● WHAT THE TASK ASKS: Restate the following data in its entirety, word for word and without images.

RAW DATA START

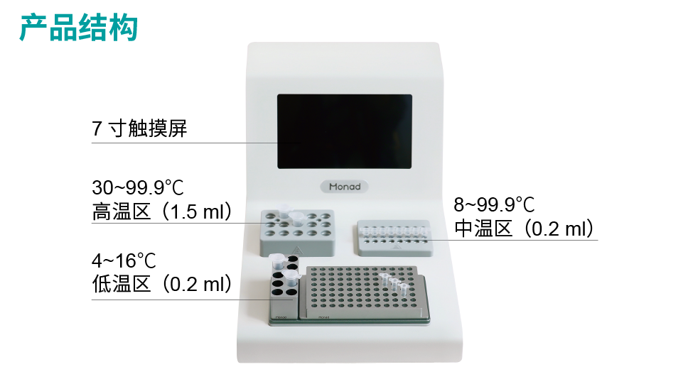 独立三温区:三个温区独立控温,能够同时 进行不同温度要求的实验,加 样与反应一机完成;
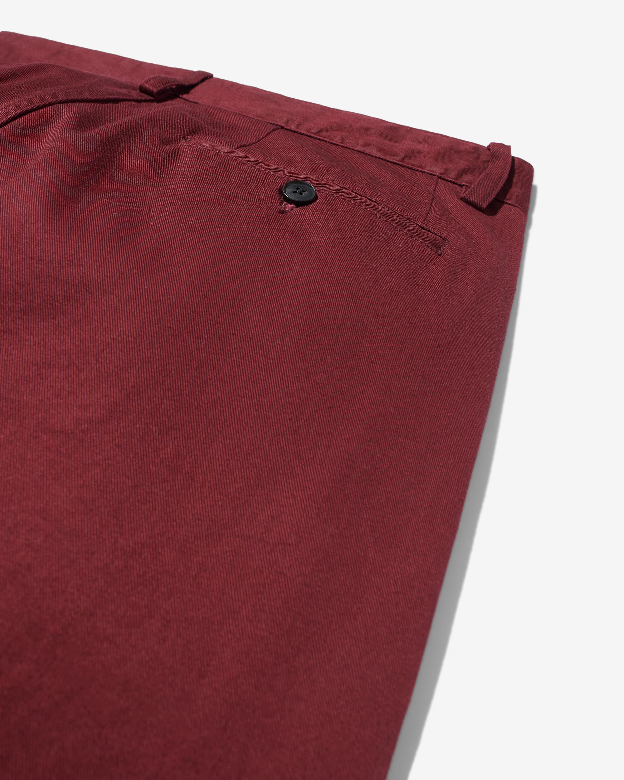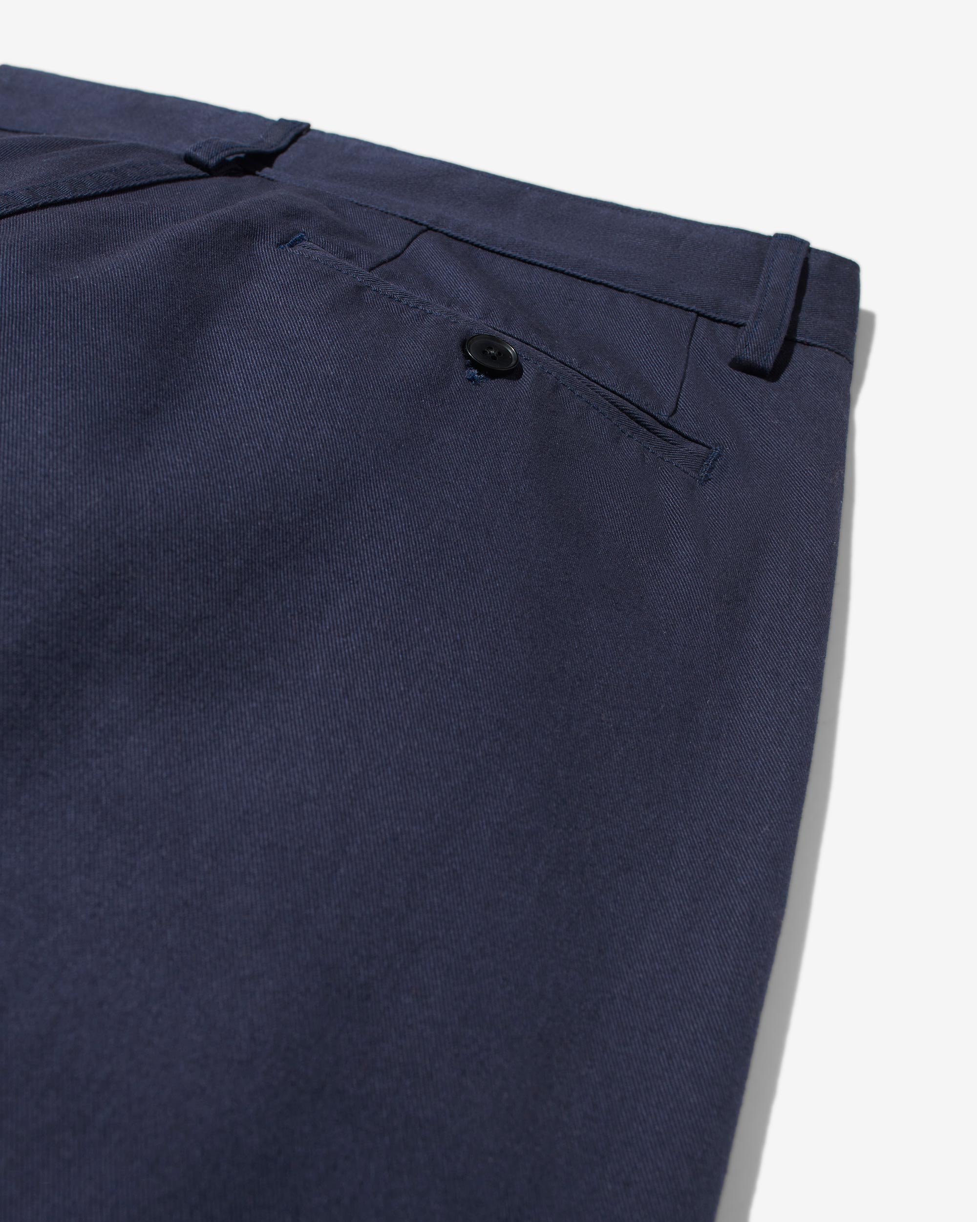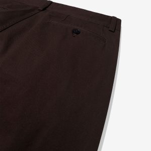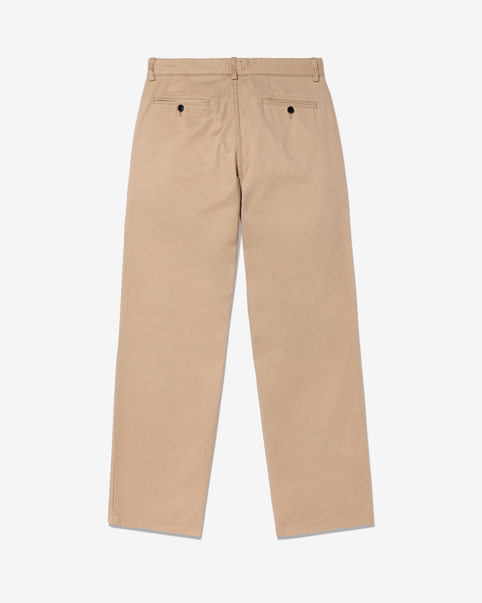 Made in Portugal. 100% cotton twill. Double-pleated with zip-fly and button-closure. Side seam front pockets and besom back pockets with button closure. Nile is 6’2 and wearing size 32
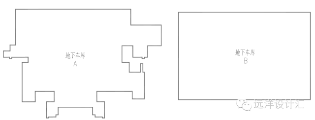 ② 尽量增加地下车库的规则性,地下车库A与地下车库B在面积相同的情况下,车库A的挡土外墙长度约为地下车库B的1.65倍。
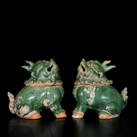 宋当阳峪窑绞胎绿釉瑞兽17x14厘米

RAW DATA END

● ANSWER FOR THIS EXERCISE:
 独立三温区:三个温区独立控温,能够同时 进行不同温度要求的实验,加 样与反应一机完成;
 Made in Portugal. 100% cotton twill. Double-pleated with zip-fly and button-closure. Side seam front pockets and besom back pockets with button closure. Nile is 6’2 and wearing size 32
 ② 尽量增加地下车库的规则性,地下车库A与地下车库B在面积相同的情况下,车库A的挡土外墙长度约为地下车库B的1.65倍。
 宋当阳峪窑绞胎绿釉瑞兽17x14厘米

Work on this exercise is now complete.